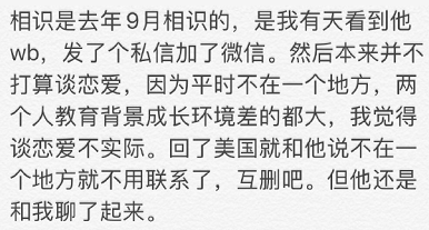 屈楚萧前女友在长文中写道,与屈楚萧在2019年9月相识,之后互相加了联系方式,但是并没有谈恋爱。在女方决定回美国之后与屈楚萧断联之后,屈楚萧依旧与女方联系。
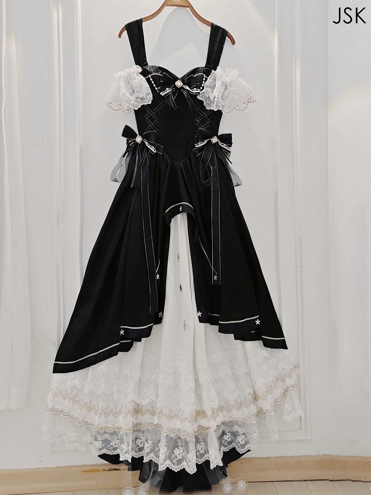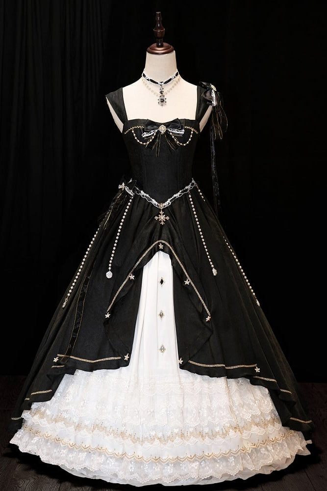 ❤︎【5月3日予約締切】ブラックホワイトコルセットレースリボンロリータJKSプリンセスドレス+コンプリートセット❤︎ ⚠️人気商品のためお届けに3-4ヶ月ほどかかってしまう場合がございます
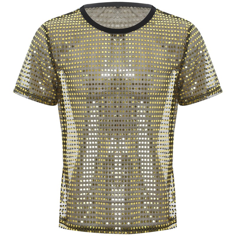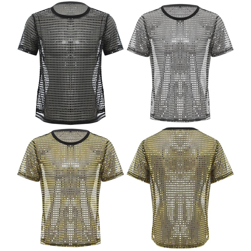 Shirt for men designs with round neck, short sleeve, shiny sequins and sheer mesh, pullover T-shirt makes you dazzling and attractive.
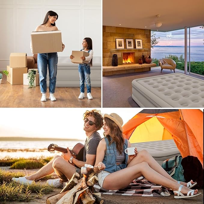 The soft, flocked top surface provides a smooth and comfortable feel, while the sturdy air coil construction ensures proper body support throughout the night. Equipped with a built-in air pump, the bed inflates and deflates quickly, making setup easy and hassle-free.
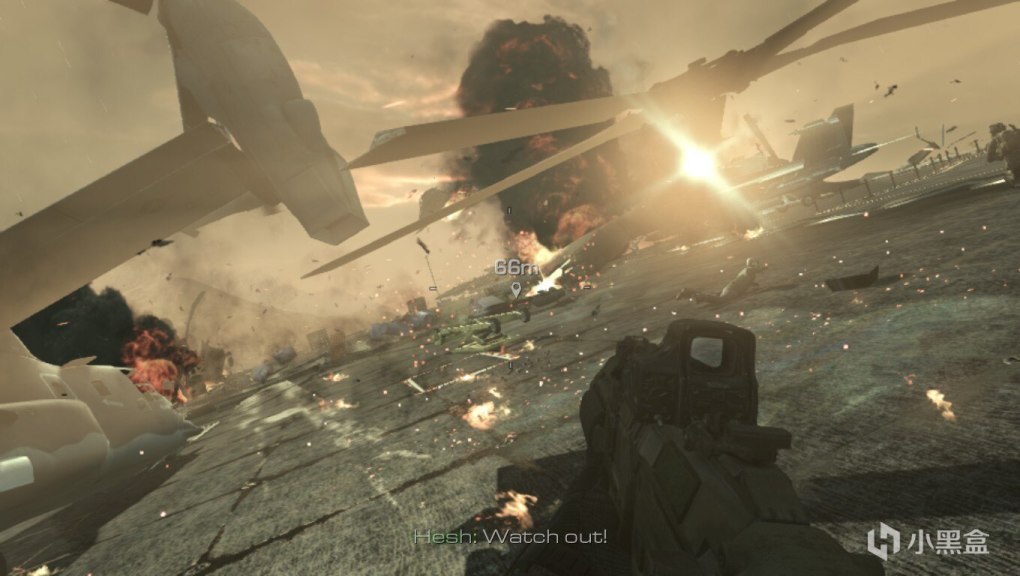 IW一开始目标就是对标自己曾经的作品,也是当时二战FPS游戏最顶级的作品《荣誉勋章》系列。不同于《荣誉勋章》只能扮演美军的设定,《使命召唤》在游戏中还能扮演苏军和英军,这也让游戏背景格局变的更大更史诗。同时游戏大量使用电影化叙事手法,让游戏变的很有美国二战大片的感觉。小航母印象最深的是小时候玩一关斯大林格勒保卫战的关卡,为了凸显苏军物资紧缺在码头下船后没有枪就得去冲锋,等队友死了捡了枪才能反击。由于玩的英文版那时我年少学浅看不懂英文字幕,一开始我以为没有枪是BUG,反复重启了游戏好几次。
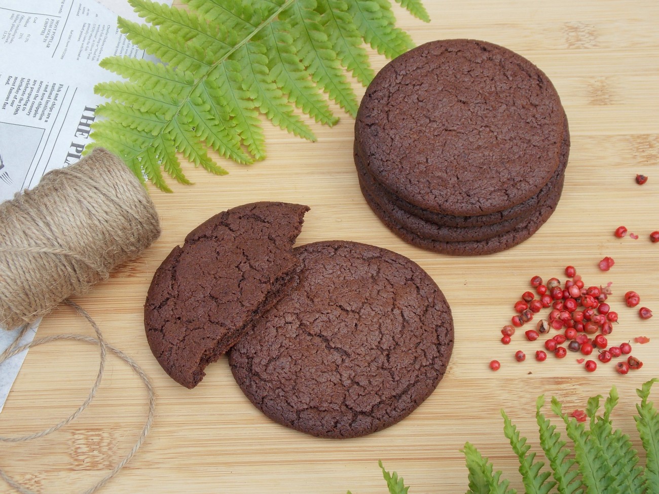 Połączenie czekolady i ostrych przypraw takich jak chili bądź też pieprz zawsze ze sobą wspaniale współgra. Dziś główną rolę gra właśnie czekolada i różowy pieprz. Mocno czekoladowe ciastka z dodatkiem różowego pieprzu to idealne połączenie. Ich subtelny, dobrze wyważony ostry smak, doskonale współgra ze smakiem wytrawnego kakao i słodyczą czekolady. Ciasteczka z wierzchu są chrupiące, a w środku miękkie, delikatne i uzależniające.
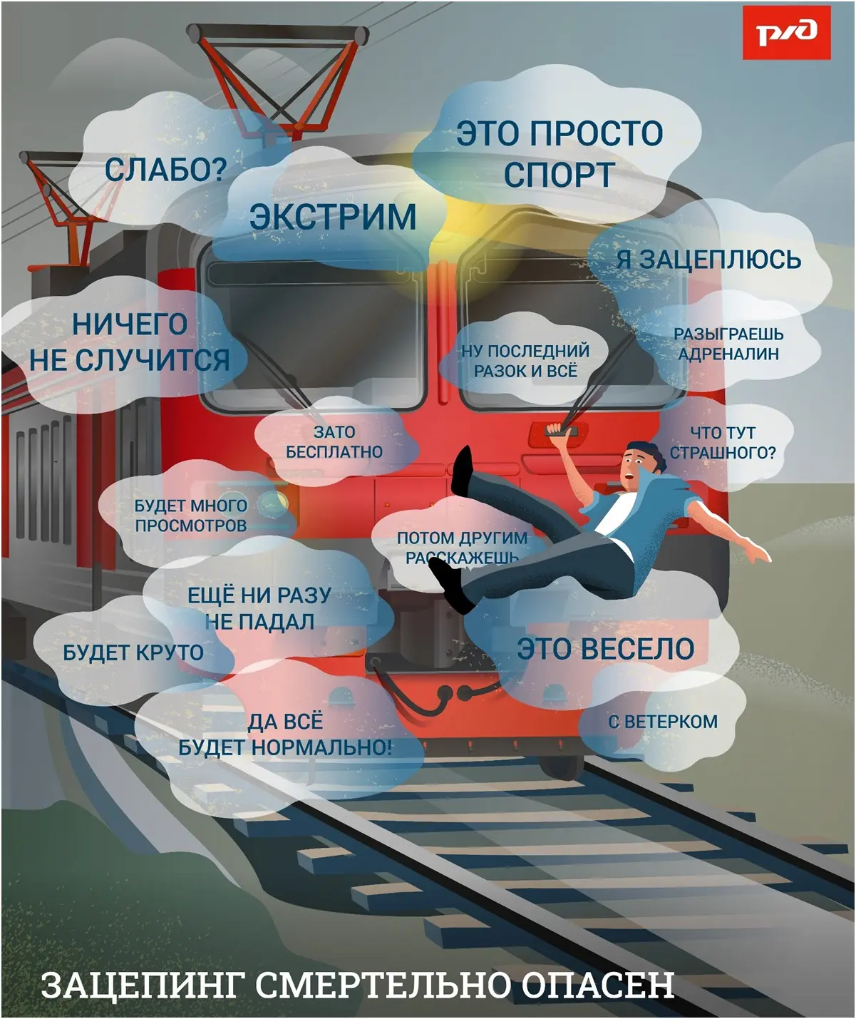 Зацепинг — это езда снаружи поездов, электричек, трамваев: на крышах, подножках, между вагонами. Некоторые считают это «экстремальным хобби» или способом сэкономить на проезде.

──────────────────────────────

Task brief. Omit every picture, then write out the entries above exactly.

Response to the exercise.
 屈楚萧前女友在长文中写道,与屈楚萧在2019年9月相识,之后互相加了联系方式,但是并没有谈恋爱。在女方决定回美国之后与屈楚萧断联之后,屈楚萧依旧与女方联系。
 ❤︎【5月3日予約締切】ブラックホワイトコルセットレースリボンロリータJKSプリンセスドレス+コンプリートセット❤︎ ⚠️人気商品のためお届けに3-4ヶ月ほどかかってしまう場合がございます
 Shirt for men designs with round neck, short sleeve, shiny sequins and sheer mesh, pullover T-shirt makes you dazzling and attractive.
 The soft, flocked top surface provides a smooth and comfortable feel, while the sturdy air coil construction ensures proper body support throughout the night. Equipped with a built-in air pump, the bed inflates and deflates quickly, making setup easy and hassle-free.
 IW一开始目标就是对标自己曾经的作品,也是当时二战FPS游戏最顶级的作品《荣誉勋章》系列。不同于《荣誉勋章》只能扮演美军的设定,《使命召唤》在游戏中还能扮演苏军和英军,这也让游戏背景格局变的更大更史诗。同时游戏大量使用电影化叙事手法,让游戏变的很有美国二战大片的感觉。小航母印象最深的是小时候玩一关斯大林格勒保卫战的关卡,为了凸显苏军物资紧缺在码头下船后没有枪就得去冲锋,等队友死了捡了枪才能反击。由于玩的英文版那时我年少学浅看不懂英文字幕,一开始我以为没有枪是BUG,反复重启了游戏好几次。
 Połączenie czekolady i ostrych przypraw takich jak chili bądź też pieprz zawsze ze sobą wspaniale współgra. Dziś główną rolę gra właśnie czekolada i różowy pieprz. Mocno czekoladowe ciastka z dodatkiem różowego pieprzu to idealne połączenie. Ich subtelny, dobrze wyważony ostry smak, doskonale współgra ze smakiem wytrawnego kakao i słodyczą czekolady. Ciasteczka z wierzchu są chrupiące, a w środku miękkie, delikatne i uzależniające.
 Зацепинг — это езда снаружи поездов, электричек, трамваев: на крышах, подножках, между вагонами. Некоторые считают это «экстремальным хобби» или способом сэкономить на проезде.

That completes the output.